[Work instruction]
Lines from the records below that contain the word "were" are to be copied out.

[Records shown]
= = = =
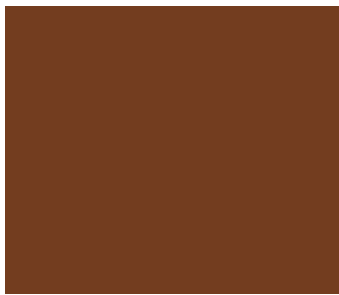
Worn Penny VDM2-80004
= = = =
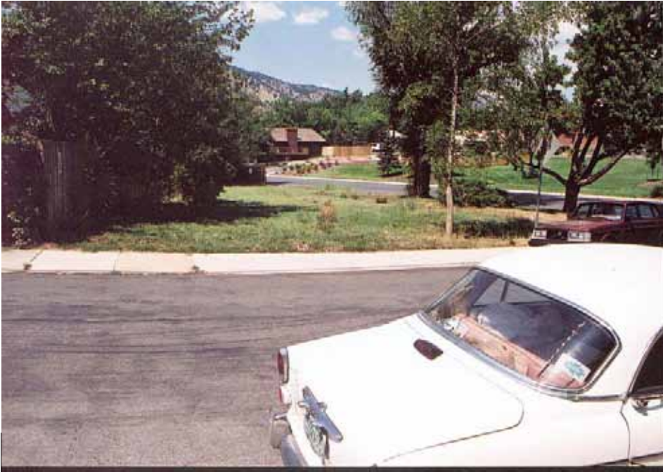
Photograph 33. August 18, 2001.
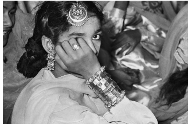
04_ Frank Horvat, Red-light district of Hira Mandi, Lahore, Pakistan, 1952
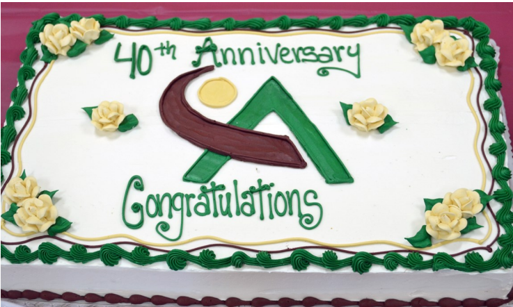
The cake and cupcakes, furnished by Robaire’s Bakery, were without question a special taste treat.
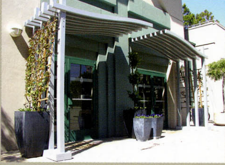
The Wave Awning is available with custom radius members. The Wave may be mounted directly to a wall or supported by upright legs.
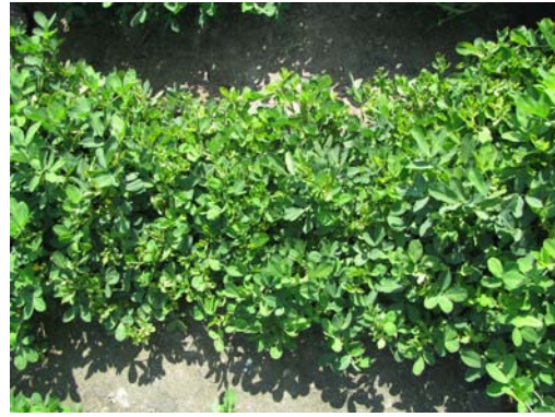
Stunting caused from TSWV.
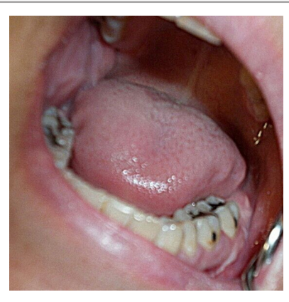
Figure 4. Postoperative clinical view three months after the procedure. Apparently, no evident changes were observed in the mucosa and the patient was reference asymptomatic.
= = = =
[Exercise answer]
The cake and cupcakes, furnished by Robaire’s Bakery, were without question a special taste treat.
Figure 4. Postoperative clinical view three months after the procedure. Apparently, no evident changes were observed in the mucosa and the patient was reference asymptomatic.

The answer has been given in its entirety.